초기 질문은 현재 33번까지의 id를 갖고 있습니다. 나머지는 꼬리 질문입니다.

ancestor : 1 descendant : 1 depth : 0
ancestor : 1 descendant : 34 depth : 1
ancestor : 1 descendant : 35 depth : 1
...
ancestor : 34 descendant : 34 depth : 0
ancestor : 35 descendant : 35 depth : 0

다음 쿼리로는 초기 질문과 연관된 꼬리질문을 같이 조회하기 힘듭니다. 왜냐하면 ancestor가 초기 질문 id여야 하는데, ancestor, descendant, depth만으론 초기 질문인지 찾아내기 어렵기 때문입니다.

select * from interview_question as iq
join question_closure_table as qct on iq.interview_question_id=qct.descendant
where qct.ancestor=1 and qct.depth=1;

반대로 꼬리 질문은 찾기 쉽습니다.
ancestor와 descendant가 다르고, depth가 1이면 꼬리 질문을 찾아낼 수 있습니다.

select * from interview_question as iq
join question_closure_table as qct on iq.interview_question_id=qct.descendant
where qct.ancestor!=qct.descendant and qct.depth=1 and iq.interview_keyword_id=1 order by rand() limit 5;

그런데 이렇게 했더니, 꼬리 질문은 뽑아내는데 똑같은 초기 질문을 가리키는 경우가 생겼습니다.

두 번째 시도

쿼리를 이것 저것 실험해보다가, 생각을 바꾸게 되었습니다.
초기 질문을 찾아내는 방법을 알아냈습니다.

다음 쿼리를 활용하면 초기 질문 id만 조회하는 걸 확인할 수 있었습니다.

select distinct qct.ancestor from question_closure_table as qct where qct.ancestor!=qct.descendant and qct.depth=1;

아래 쿼리를 했더니 db와 관련된 초기 질문만 받아옵니다.

select * from interview_question as iq
join question_closure_table as qct on iq.interview_question_id=qct.descendant
where qct.ancestor  in (select distinct qct.ancestor from question_closure_table as qct where qct.ancestor!=qct.descendant and qct.depth=1)
and qct.depth=0 and iq.interview_keyword_id=1;

세 번째 시도

초기 질문을 랜덤으로 5개 뽑아오는 것은 성공했습니다. 그런데, 각 초기 질문마다 꼬리 질문이 4개씩 있는데 그 중 하나를 랜덤으로 뽑아야 합니다.

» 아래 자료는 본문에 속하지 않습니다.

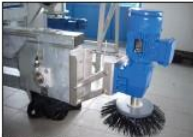
KD 16.19 Runway brush.
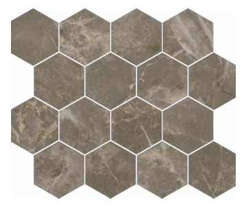
ENC40/M3x3HEX Matte ENC4P/M3x3HEX Polished (not shown) Hexagon Mosaic
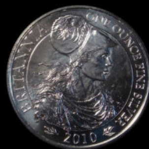
2010 Britannia Mintage 126,367
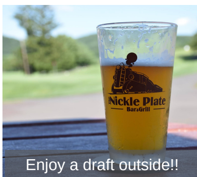
Enjoy a draft outside!!
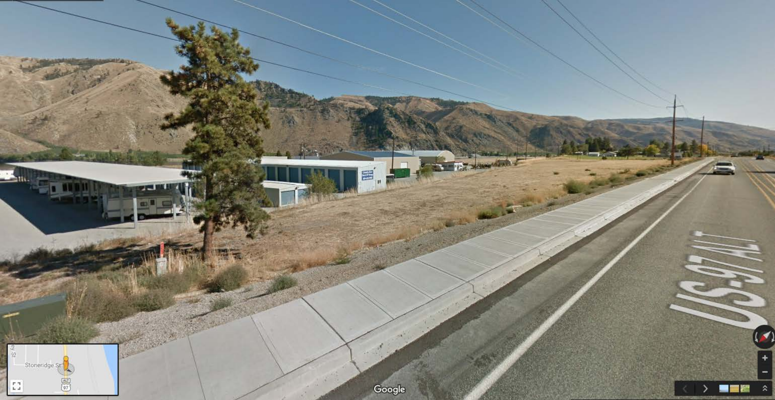
Looking South Along Hwy 97

어떻게 하면 쿼리 하나로 해결할 수 있을까 고민했지만... 너무 어려웠습니다 ㅠ

그래서 어쩔 수 없이 UNION ALL을 활용하기로 했습니다.

(UNION은 중복 제거를 해서 더 느리고, UNION ALL은 중복 제거를 굳이 하지 않아서 더 빠르다고 합니다.
각 초기 질문마다 꼬리 질문은 중복이 없기 때문에 UNION ALL을 활용했습니다.)

(select * from interview_question as iq
join question_closure_table as qct on iq.interview_question_id=qct.descendant
where qct.ancestor =1 and qct.depth=1 order by rand() limit 1)
UNION ALL
(select * from interview_question as iq
join question_closure_table as qct on iq.interview_question_id=qct.descendant
where qct.ancestor =2 and qct.depth=1 order by rand() limit 1)
UNION ALL
(select * from interview_question as iq
join question_closure_table as qct on iq.interview_question_id=qct.descendant
where qct.ancestor =3 and qct.depth=1 order by rand() limit 1)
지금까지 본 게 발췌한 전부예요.